DATA FOR THE TASK:

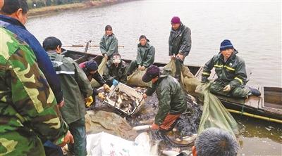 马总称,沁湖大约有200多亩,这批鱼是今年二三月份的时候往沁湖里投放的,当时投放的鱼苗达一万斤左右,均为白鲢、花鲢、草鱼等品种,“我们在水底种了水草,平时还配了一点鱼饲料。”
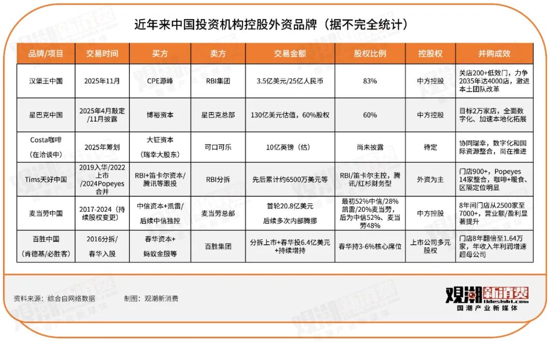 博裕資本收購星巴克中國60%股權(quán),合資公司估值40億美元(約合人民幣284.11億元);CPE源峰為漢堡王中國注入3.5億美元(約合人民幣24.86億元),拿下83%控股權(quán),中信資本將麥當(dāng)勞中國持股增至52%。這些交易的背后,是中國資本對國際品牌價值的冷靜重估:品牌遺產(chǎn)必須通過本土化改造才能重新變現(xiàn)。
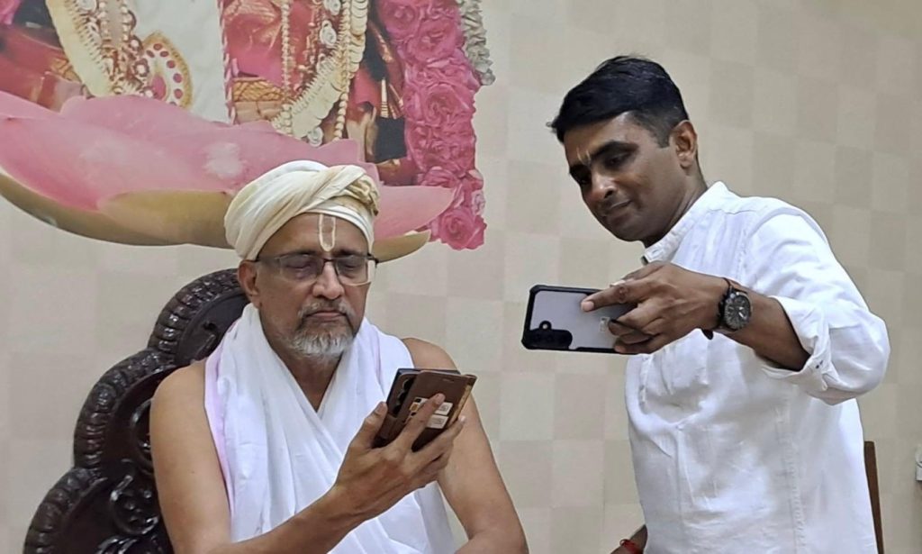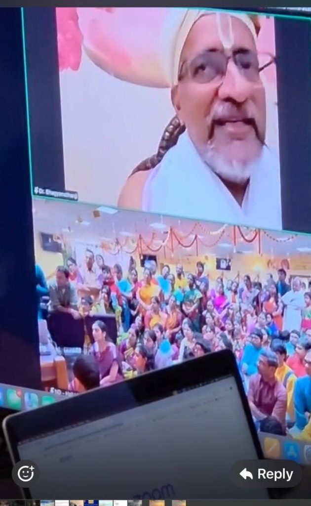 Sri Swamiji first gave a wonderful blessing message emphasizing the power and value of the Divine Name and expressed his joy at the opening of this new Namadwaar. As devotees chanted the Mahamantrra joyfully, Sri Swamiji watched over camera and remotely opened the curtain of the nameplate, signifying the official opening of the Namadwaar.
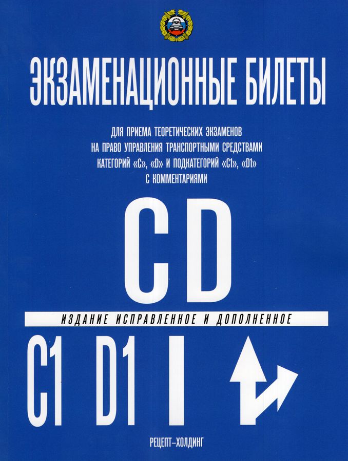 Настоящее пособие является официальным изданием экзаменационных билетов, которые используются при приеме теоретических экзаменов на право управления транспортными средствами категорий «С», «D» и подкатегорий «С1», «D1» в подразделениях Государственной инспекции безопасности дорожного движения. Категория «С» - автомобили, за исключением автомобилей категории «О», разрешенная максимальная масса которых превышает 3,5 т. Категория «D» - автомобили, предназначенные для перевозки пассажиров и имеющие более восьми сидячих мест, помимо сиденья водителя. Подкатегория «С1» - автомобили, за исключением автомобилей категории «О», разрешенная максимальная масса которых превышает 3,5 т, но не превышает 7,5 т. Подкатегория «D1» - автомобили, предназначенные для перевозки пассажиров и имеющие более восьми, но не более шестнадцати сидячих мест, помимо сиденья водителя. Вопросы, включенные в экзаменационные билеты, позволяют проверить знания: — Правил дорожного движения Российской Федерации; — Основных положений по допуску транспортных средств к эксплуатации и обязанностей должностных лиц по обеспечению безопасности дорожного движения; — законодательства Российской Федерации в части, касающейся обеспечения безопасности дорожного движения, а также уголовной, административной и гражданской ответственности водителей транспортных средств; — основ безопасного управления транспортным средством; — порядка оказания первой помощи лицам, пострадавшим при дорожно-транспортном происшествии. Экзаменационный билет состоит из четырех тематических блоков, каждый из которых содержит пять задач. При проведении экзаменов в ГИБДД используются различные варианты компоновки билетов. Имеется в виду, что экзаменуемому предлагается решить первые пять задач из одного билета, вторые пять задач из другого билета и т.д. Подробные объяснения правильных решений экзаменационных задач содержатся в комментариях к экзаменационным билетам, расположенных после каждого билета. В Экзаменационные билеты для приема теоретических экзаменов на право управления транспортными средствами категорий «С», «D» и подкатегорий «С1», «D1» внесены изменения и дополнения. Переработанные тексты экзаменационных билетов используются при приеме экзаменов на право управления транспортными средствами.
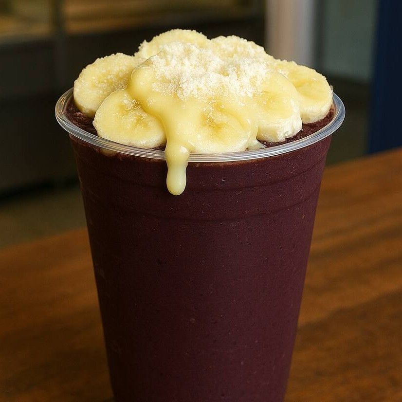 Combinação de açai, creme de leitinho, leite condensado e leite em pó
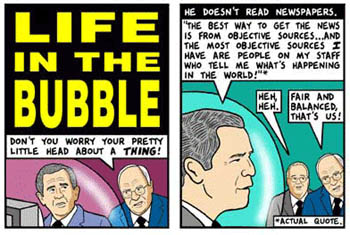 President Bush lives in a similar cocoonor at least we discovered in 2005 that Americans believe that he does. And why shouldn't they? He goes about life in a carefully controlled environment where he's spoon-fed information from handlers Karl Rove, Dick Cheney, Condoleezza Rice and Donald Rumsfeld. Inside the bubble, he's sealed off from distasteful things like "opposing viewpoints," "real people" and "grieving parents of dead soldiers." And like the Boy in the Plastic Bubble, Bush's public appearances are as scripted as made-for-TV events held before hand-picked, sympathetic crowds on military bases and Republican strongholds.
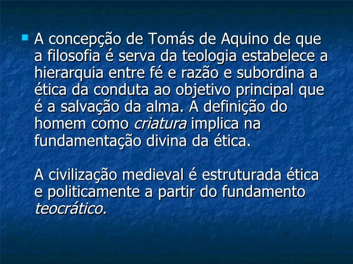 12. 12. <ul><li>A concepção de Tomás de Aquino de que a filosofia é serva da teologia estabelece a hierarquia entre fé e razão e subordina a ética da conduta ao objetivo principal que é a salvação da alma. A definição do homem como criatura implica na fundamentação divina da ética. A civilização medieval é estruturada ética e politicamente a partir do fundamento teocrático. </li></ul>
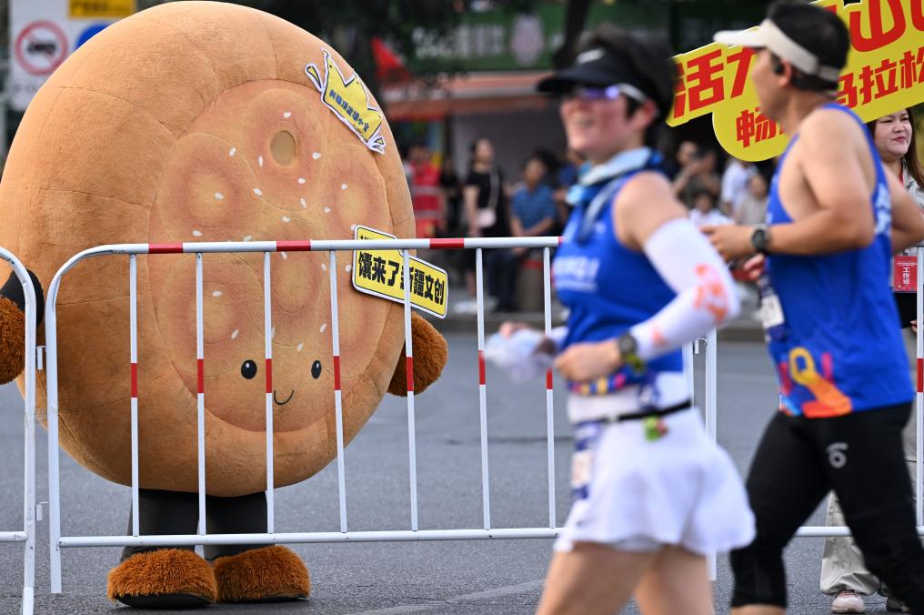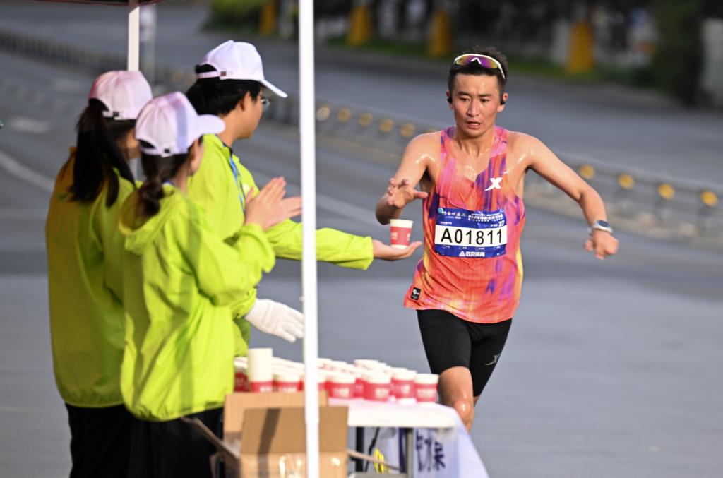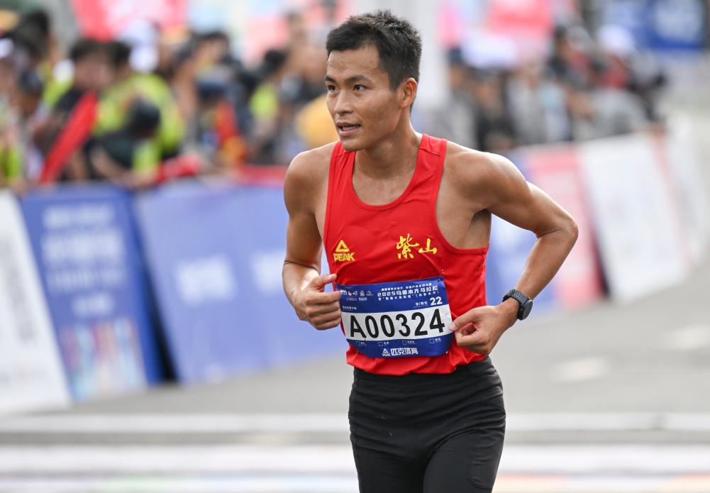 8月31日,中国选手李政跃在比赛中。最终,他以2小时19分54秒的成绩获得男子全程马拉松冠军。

WHAT IS NEEDED:
Starting at the line above that has "博裕資本收購星巴克中國60%" and ending at the line that has "Sri Swamiji first", copy each line exactly, leaving the pictures out and adding nothing.

RESPONSE AREA:
 博裕資本收購星巴克中國60%股權(quán),合資公司估值40億美元(約合人民幣284.11億元);CPE源峰為漢堡王中國注入3.5億美元(約合人民幣24.86億元),拿下83%控股權(quán),中信資本將麥當(dāng)勞中國持股增至52%。這些交易的背后,是中國資本對國際品牌價值的冷靜重估:品牌遺產(chǎn)必須通過本土化改造才能重新變現(xiàn)。
 Sri Swamiji first gave a wonderful blessing message emphasizing the power and value of the Divine Name and expressed his joy at the opening of this new Namadwaar. As devotees chanted the Mahamantrra joyfully, Sri Swamiji watched over camera and remotely opened the curtain of the nameplate, signifying the official opening of the Namadwaar.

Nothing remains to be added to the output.